[Entries taken from a collection]
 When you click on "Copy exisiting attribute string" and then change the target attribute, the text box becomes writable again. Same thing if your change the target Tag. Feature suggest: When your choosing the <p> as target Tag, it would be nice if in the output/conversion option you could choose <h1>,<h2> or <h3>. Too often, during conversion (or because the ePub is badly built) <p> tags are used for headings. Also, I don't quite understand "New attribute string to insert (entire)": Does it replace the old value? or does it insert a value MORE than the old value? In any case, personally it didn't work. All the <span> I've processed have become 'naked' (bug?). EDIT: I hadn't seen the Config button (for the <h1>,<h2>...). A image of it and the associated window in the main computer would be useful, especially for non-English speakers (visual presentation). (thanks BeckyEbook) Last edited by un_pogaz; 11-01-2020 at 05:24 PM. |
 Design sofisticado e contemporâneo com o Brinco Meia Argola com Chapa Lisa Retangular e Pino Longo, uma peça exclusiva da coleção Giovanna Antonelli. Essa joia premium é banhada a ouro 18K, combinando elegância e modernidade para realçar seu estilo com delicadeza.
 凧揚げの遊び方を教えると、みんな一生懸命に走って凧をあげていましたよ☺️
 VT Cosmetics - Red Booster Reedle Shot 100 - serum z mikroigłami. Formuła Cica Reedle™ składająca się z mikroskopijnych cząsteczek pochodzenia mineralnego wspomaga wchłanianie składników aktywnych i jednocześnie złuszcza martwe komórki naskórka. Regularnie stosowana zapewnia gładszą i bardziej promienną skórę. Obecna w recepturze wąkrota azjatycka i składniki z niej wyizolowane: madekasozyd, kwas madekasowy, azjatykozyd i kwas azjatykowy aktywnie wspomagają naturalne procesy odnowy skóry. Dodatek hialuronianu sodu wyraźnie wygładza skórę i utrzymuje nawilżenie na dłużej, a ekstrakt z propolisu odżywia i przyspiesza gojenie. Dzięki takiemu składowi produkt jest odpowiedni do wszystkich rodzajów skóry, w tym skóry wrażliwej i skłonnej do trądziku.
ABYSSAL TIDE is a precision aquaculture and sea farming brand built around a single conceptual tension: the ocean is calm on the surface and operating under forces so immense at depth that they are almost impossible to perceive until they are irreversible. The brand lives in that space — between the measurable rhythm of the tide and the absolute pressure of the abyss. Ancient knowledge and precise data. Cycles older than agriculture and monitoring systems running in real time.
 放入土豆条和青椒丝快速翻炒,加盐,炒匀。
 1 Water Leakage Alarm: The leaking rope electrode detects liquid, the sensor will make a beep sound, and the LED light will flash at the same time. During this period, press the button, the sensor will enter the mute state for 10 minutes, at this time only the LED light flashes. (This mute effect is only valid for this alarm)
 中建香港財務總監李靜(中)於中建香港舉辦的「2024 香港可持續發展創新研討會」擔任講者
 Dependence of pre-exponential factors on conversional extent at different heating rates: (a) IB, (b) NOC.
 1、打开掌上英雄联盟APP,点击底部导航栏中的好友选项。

> WORK REQUIRED
When you reach the line containing "Dependence of pre-exponential" in the data above, retype it and each line after it through the final one, exactly as written.

> TASK OUTPUT
 Dependence of pre-exponential factors on conversional extent at different heating rates: (a) IB, (b) NOC.
 1、打开掌上英雄联盟APP,点击底部导航栏中的好友选项。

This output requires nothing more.